# Requesting help with Beseler 67S series enlarger



## snark (Aug 1, 2014)

I'm just a poor dumb country boy who has been playing around in a darkroom off and on for fifty years.  Never had any formal photography training, learned everything by trial and error and a few trips to the library back in the days before internet.  Recently I have been able to afford everything I always wanted but could never afford, courtesy of Craig's List, the latest acquisition being a Beseler Dichro 67S enlarger.  I thought I would use the color head in lieu of polycontrast filters, but now that I start googling around for filter equivalents I find that it's not as simple as I thought.  The Kodak, Ilford and Arista recommendations in their data sheets are widely divergent, and I know I have some calibration work to do before I get started...unless someone who has already done this can help me out with Beseler Dichro filter settings for Ilford and Arista VC papers (which are the ones I use most). 

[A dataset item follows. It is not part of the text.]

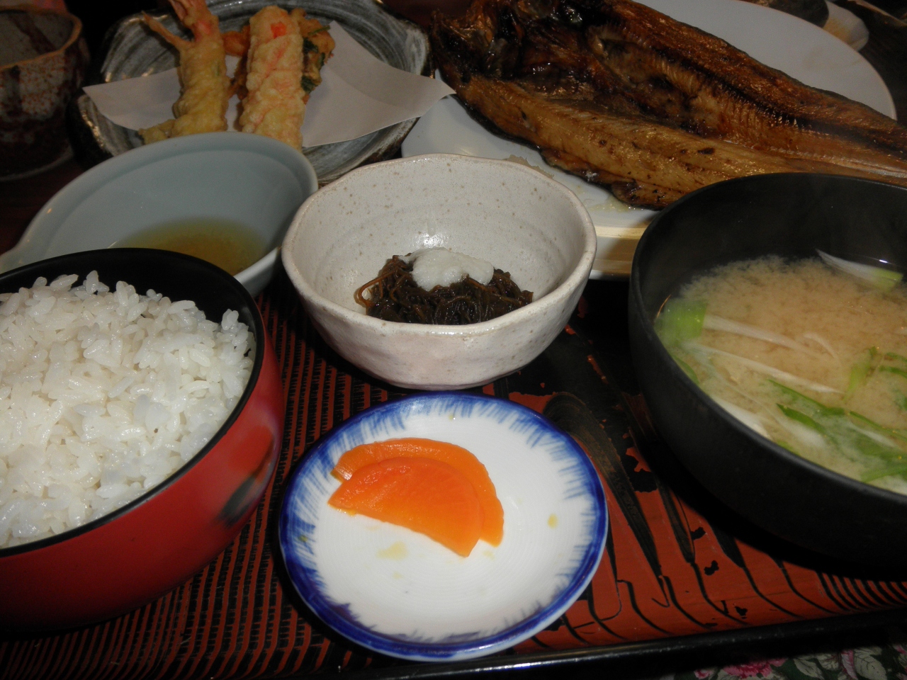 ご飯と出汁のきいた汁物、メインの魚料理、小鉢(小鉢ではなく中鉢の大きさ)で、大変なボリューム!

This all begs the question, if there is such a difference between color filter settings for different papers,  is there also a difference between Kodak and Ilford polycontrast filters?  I have a variety of papers from different manufacturers and I've been using Ilford polycontrast filters for all of them, and yes, sometimes with inexplicable results.


----------



## compur (Aug 3, 2014)

Yes, there are differences between filter brands. See this article:
photo technique magazine » Variable-Contrast Filters? Are They All They Claim to Be?


----------